4.8.2 Results and discussion
To account for dependencies of observations due to our within-participant design, we ran mixed models, with a random intercept and a random slope for participants.
As in the numerical setting, we found a positive effect of convergence on both accuracy (\(\hat{b}_{\text{Accuracy}}\) = 16.838 [15.009, 18.668], p < .001; on a scale from 0 to 100) and competence (\(\hat{b}_{\text{Competence}}\) = 0.683 [0.578, 0.788], p < .001; on a scale from 1 to 7).
In the ESM, we show that compared to what the normative models would predict, participants underestimate the effect of convergence on both accuracy and competence, but especially on accuracy.
In an exploratory, non-preregistered analysis, we tested whether the effect of convergence is larger on accuracy than on competence.
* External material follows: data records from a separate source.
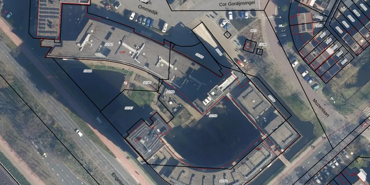 Het adres is gelegen op perceel 10759 in de sectie A en de kadastrale gemeente Leiderdorp. De kadastrale aanduiding is aldus LDD00-A-10759. Het perceel is met 3301 m² relatief groot. Het gemiddelde ligt in de kadastrale gemeente Leiderdorp op 1289,87 m². Het grootste perceel in de kadastrale gemeente is 43,4 ha. Het kleinste perceel heeft een oppervlakte van 0 m². Er zijn 79 adressen aanwezig op het perceel. De huidige grenzen van het perceel zijn digitaal in de Basisregistratie Kadaster (BRK) geregistreerd op 04-04-2012.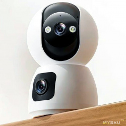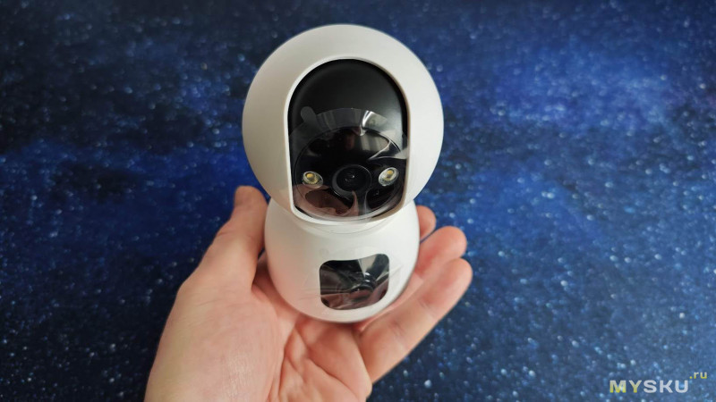Эту камеру отличает наличие сразу двух полноценных 2 МП объективов, ведущих одновременную независимую 2-х канальную съёмку. Это позволяет одномоментно наблюдать за двумя разными зонами. Один объектив имеет фиксированное положение, а второй оснащён поворотным механизмом (PTZ). Если поставить такую камеру к окну, то её можно использовать например, как охранную для автомобиля, стоящего во дворе и в то же время, как контрольную для присмотра за детьми или домашними животными в доме.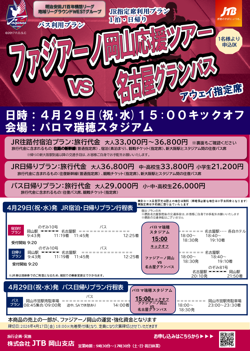 | 名古屋グランパス | 4月29日(水) | 催行中止 | |
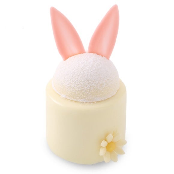 マスカルポーネムースで甘酸っぱい苺ムースを包みました。丸いフェイスはホワイトチョコレートムースです。春うさぎが幸せをお届けします。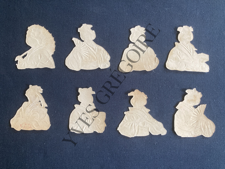 8 DECOUPIS-LA MEME PERSONNE AVEC TENUES ET ACCESSOIRES DIFFERENTS (4 AVEC EVENTAIL, 1 OMBRELLE, 1 BOUQUET, 1 BOITE, 1 MANDOLINE)-VERS 1900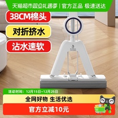 宝家洁吸水拖把海绵头对折式拖布免手洗家用胶棉一拖净懒人挤水托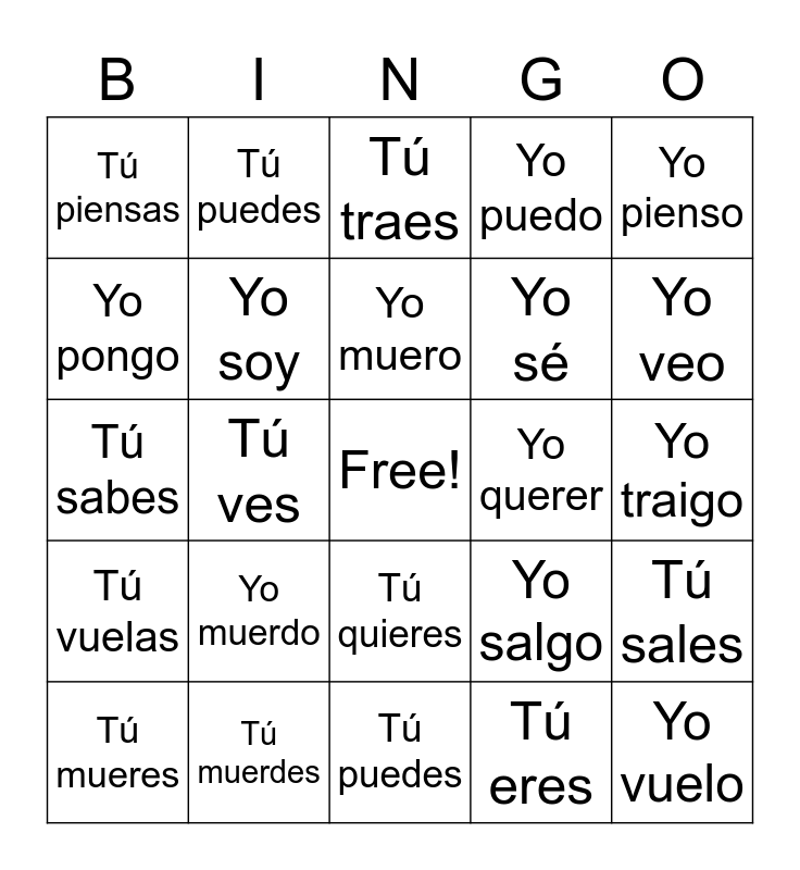 This bingo card has a free space and 24 words: Yo muerdo, Tú muerdes, Yo muero, Tú mueres, Yo pienso, Tú piensas, Yo pongo, Tú puedes, Yo querer, Tú quieres, Yo sé, Tú sabes, Yo salgo, Tú sales, Yo soy, Tú eres, Yo traigo, Tú traes, Yo veo, Tú ves, Yo vuelo, Tú vuelas, Yo puedo and Tú puedes.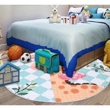 The kids rug uses cotton material, no smell, non-slip, can directly contact the skin, super soft care baby tender skin. Beautiful on the floor in the kids bedroom? play room or living room, a rug that's both stylish and fun. With a storage bag, easy carry. Shoulder straps makes it easy to hang out of the way or carry with you anywhere like to picnic, camping or beach party. The durable fabric makes it easy to clean even after a trip to the beach, simply wipe it or wash it in cold water. Whether you have kids or not, we guarantee you or your children will love it! And you will love how quickly cleanup is. Specifications: Condition: 100% Brand New Material: Cotton Material Shape: Round Diameter: Approx. 1.5m / 4.9ft ThicknessĀ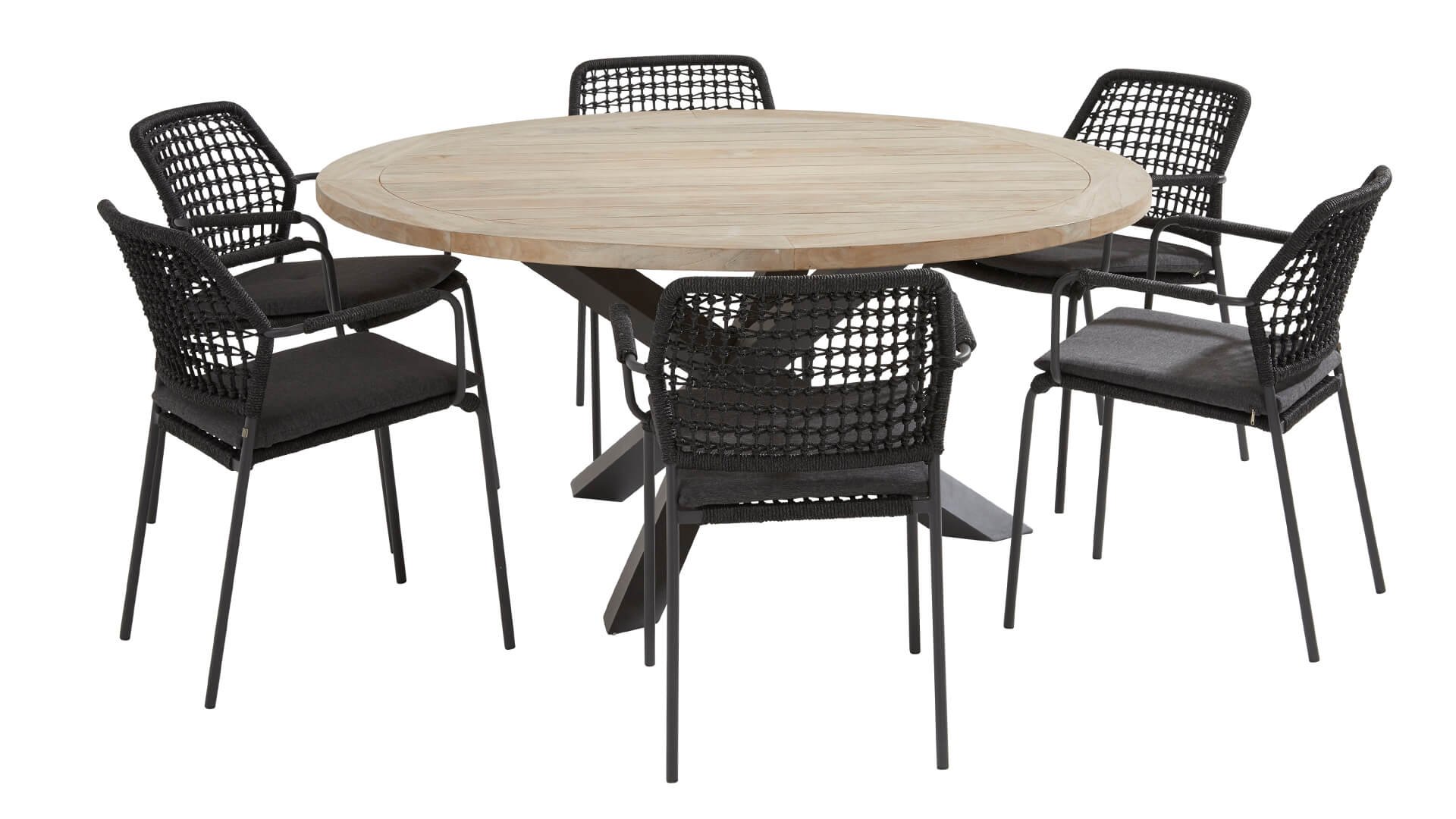 Probieren Sie 4Seasons Barista Dining: voller Geschmack! Der stapelbare Gartenstuhl Barista ist ein echter Alleskönner, herrlich bequem und sehr praktisch und sieht auch noch schick aus. Lässt sich sehr gut mit verschiedenen Arten von Tischen kombinieren. Dieser Stuhl ist in 5 Seilfarben erhältlich: Anthrazit, Grün, Blau, Frozen und Terra Cotta. Sie sehen hier die anthrazitfarbene Variante. So können Sie wählen, welche Farbe am besten zu Ihrer Terrasse passt, oder Sie können eine schöne Kombination aus 2 oder sogar 5 Farben erstellen. Das Seilmaterial ist witterungsbeständig und im Blockmuster geknüpft. Das Seil wird subtil zu den Armlehnen zurückgeführt.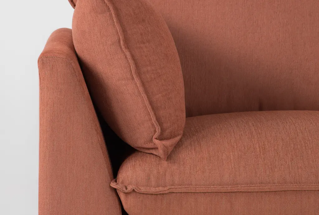 Designed and developed by Living Spaces to offer blissful cloud seating, our Nimbus Cloud modular sectional is the soft spot you've been waiting for. Irresistibly plush yet reliably supportive, reversible foam and down ticking seat cushions provide long-lasting comfort and maintain their shape and integrity over time. You'll love flange edge detail that lends a unique, casual look. Stocked in a luxurious chenille performance fabric that is easy to clean and care for, the piece can also be customized at no extra cost through our Special Order program.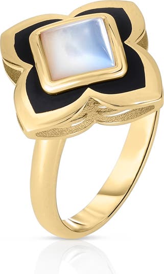 A luminous mother-of-pearl center glows from the flower-shaped setting on this beautiful ring cast in 18-karat gold.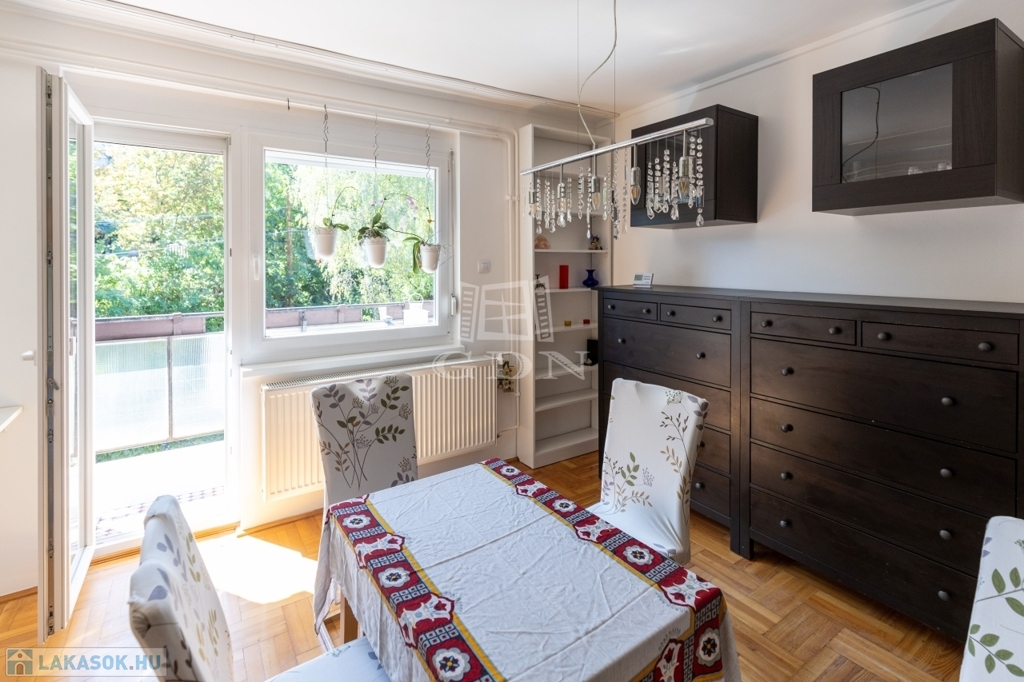 Az ingatlan az első emeleten helyezkedik el és kertre néző kilátást nyújt.
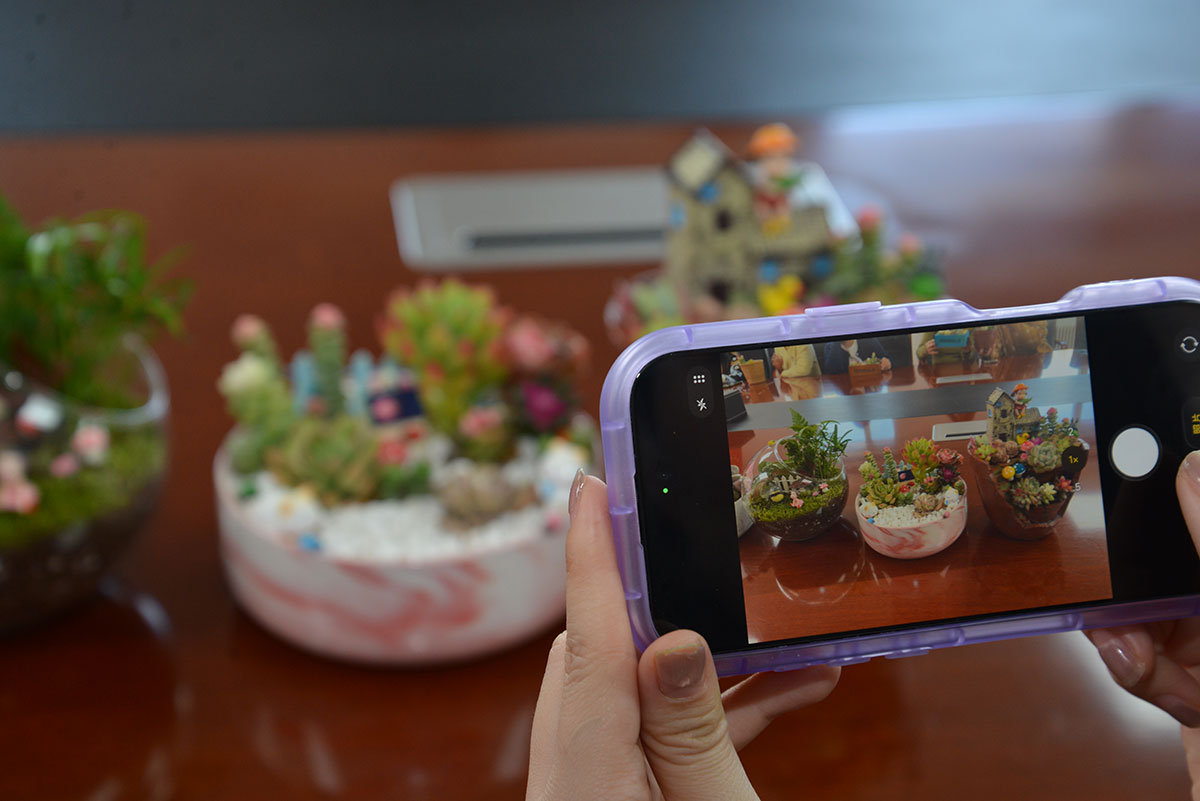 不一会儿,单调的泥土在大家手中变成了微景观花园。每一盆多肉都承载着女神们对美好生活的热爱。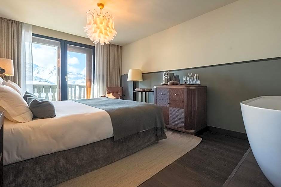 This renovated privilege room with village view has two twin beds, bathroom with a shower, hair dryer and The Grown Alchemist welcome gifts, a mini-bar, a video projector and a safe, a comfortable armchair awaits you after a good day of skiing. Breakfast or half-board included, according to the chosen pension. All reservations are guaranteed upon receipt of a deposit. Please note that some rooms have a shower and others a bathtub.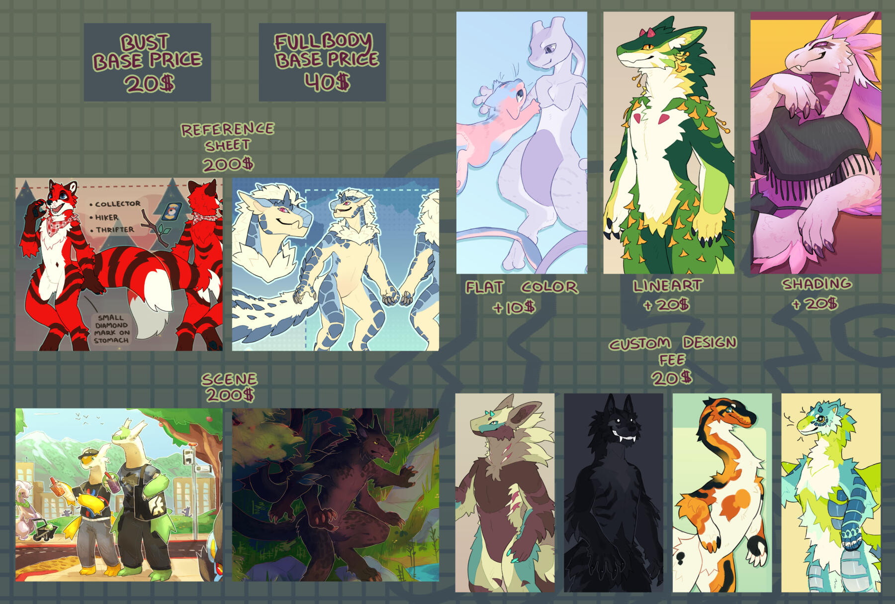 Commission prices are structured on a base, non colored sketch1. You can choose between any combination of, all, or none of the given additions. The price is added onto the base price. Absolutely feel free to ask me any questions on price, or clarification on your idea!1 A base sketch includes monochrome colored lines, rough marking/coloration outlines, and a flat or gradient background.Below are examples and information for a few commission types!

To do so, we first standardized both outcome scores to account for the different scales. We then regressed the outcome score on convergence and its interaction with a binary variable indicating which outcome was asked for (accuracy or competence). We find a negative interaction, indicating that convergence had a smaller effect on competence than on accuracy (\(\hat{b}\) = -0.095 [-0.136, -0.053], < .001; units in standard deviations).
4.9 Experiment 5
Experiment 5 is a conceptual replication of Experiment 3 in a categorical instead of a numerical case: are participants less likely to infer that more convergent estimates are more accurate, and the individuals who made them more competent, when the estimates are made by individuals with a conflict of interest pushing them to all provide a given answer, compared to when they are made by independent individuals? The independence condition of Experiment 5 also serves as a replication of Experiment 4, leading to the following hypotheses:
H1a: Participants perceive an estimate of an independent informant as more accurate the more it converges with the estimates of other informants.
H1b: Participants perceive an independent informant as more competent the more their estimate converges with the estimates of other informants.
H2a: The effect of convergence on accuracy (H1a) is more positive in a context where informants are independent compared to when they are biased (i.e. share a conflict of interest to pick a given answer).
H2b: The effect of convergence on competence (H1b) is more positive in a context where informants are independent compared to when they are biased (i.e. share a conflict of interest to pick a given answer).
4.9.1 Methods
4.9.1.1 Participants
We ran a power simulation to inform our choice of sample size. All assumptions and details on the procedure can be found on the OSF. We ran two different power analyses, one for each outcome variable. We set the power threshold for both to 90%.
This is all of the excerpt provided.